In order to further verification of the performance of the spectrofluorimetric method assisted by OSC-PLS, the AAS was applied to the prediction of the concentrations of the validation set as reference method and the results are shown in Table 5. The REPs and RMSEPs are presented in Table 5 as well, and as can be seen, the method showed a good performance. For graphical comparison of the AAS and OSC-PLS by the use of EJCR, their results were fed to MATLAB and the EJCR was run on them and the results are shown in Fig. 6. As can be seen, the AAS (black ellipse) showed better accuracy and precision than OSC-PLS (red ellipse) but, by tacking to account that the OSC-PLS is low-cost, simple and fast method in comparison with the AAS which motivated us to suggest it for practical applications.

Table 5

Predicted concentrations of the validation set by the reference method.

	Cd	Pb	Zn
1	800	999.5	699
2	999	1199	1000
3	900	900	1199
4	1201	799	801
5	1601	700	851
6	749	1400	1202
7	799	1300	1300
8	900	951	699
9	1399	1000	949
10	800	1051	899
REP (%, Pb)	0.0633
RMSEP (Pb)	0.6519
REP (%, Cd)	0.0763
RMSEP (Cd)	0.7746
REP (%, Zn)	0.1093
RMSEP (Zn)	1.0488

Fig. 6

(A), (B) and (C) Ellipses obtained by EJCR related to the prediction of the concentration of Pb, Zn and Cd in validation set, respectively. Black ellipse and red ellipse are related to AAS and OSC-PLS, respectively. The black point shows the ideal point.

The intra-day precision of the assay was estimated by calculating the relative standard deviation (RSD) for the analysis of 800 ng mL−1 Pb, Zn and Cd in six replicates which gave us RSDs of 2.08%, 2.15% and 2.11% for Pb, Zn and Cd, respectively. Inter-day precision was determined by the analysis of six replicates 800 ng mL−1 Pb, Zn and Cd on three consecutive days which gave us RSDs of 2.34%, 2.28% and 2.21% for Pb, Zn and Cd, respectively. The results obtained for examination of intra-day and inter-day precision confirmed acceptable precisions for the developed methodology.

Conclusion

In this work, a novel and interesting analytical methodology based on coupling of spectrofluorimetry and chemometrics was developed for simultaneous determination of Pb, Cd and Zn in Hela cells.
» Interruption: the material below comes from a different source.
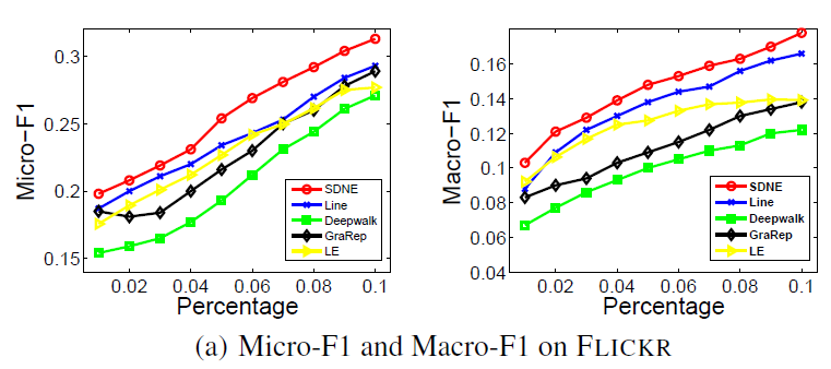 SDNE 的效果始终超越baseline 方法,证明SDNE 学到的 network representation 相比 baseline 可以更好地泛化到分类任务中。
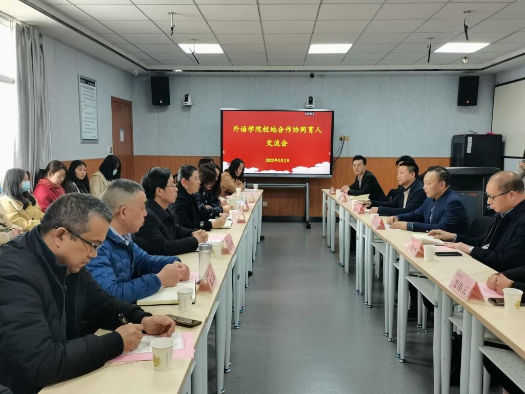 3月2日下午,365完美体育校地合作协同育人交流会在江南校区师范生技能训练中心召开。安康市商务局二级调研员陈涛、二级主任科员徐先海,鑫卓青科技有限公司经理赵敏,陕西省安贝斯玩具科创有限公司董事长沈爱华,外语学领导班子、两办主任、辅导员、商务英语系教师及学生代表出席了会议。会议由365完美体育总支书记肖红香主持。

Among the tested chemometric algorithms, the OSC-PLS showed the best performance for simultaneous monitoring of Pb, Cd and Zn whose performance was comparable with AAS as reference method. The results of this work showed that chemometrics has a great potential for assisting instrumental techniques to develop accurate novel methods which have very better performance than those instrumental alone. As a new research field for our research group, we are going to continue coupling of chemometric method with instrumental techniques for bioanalytical purposes and definitely, this work will be a bridge to connect the world of chemometricians with the world of bioanalysts.

Statement

The main idea of this project belongs to Dr. Ali R. Jalalvand and the other authors contributed equally in this project.

Declaration of Competing Interest

The authors declare that they have no known competing financial interests or personal relationships that could have appeared to influence the work reported in this paper.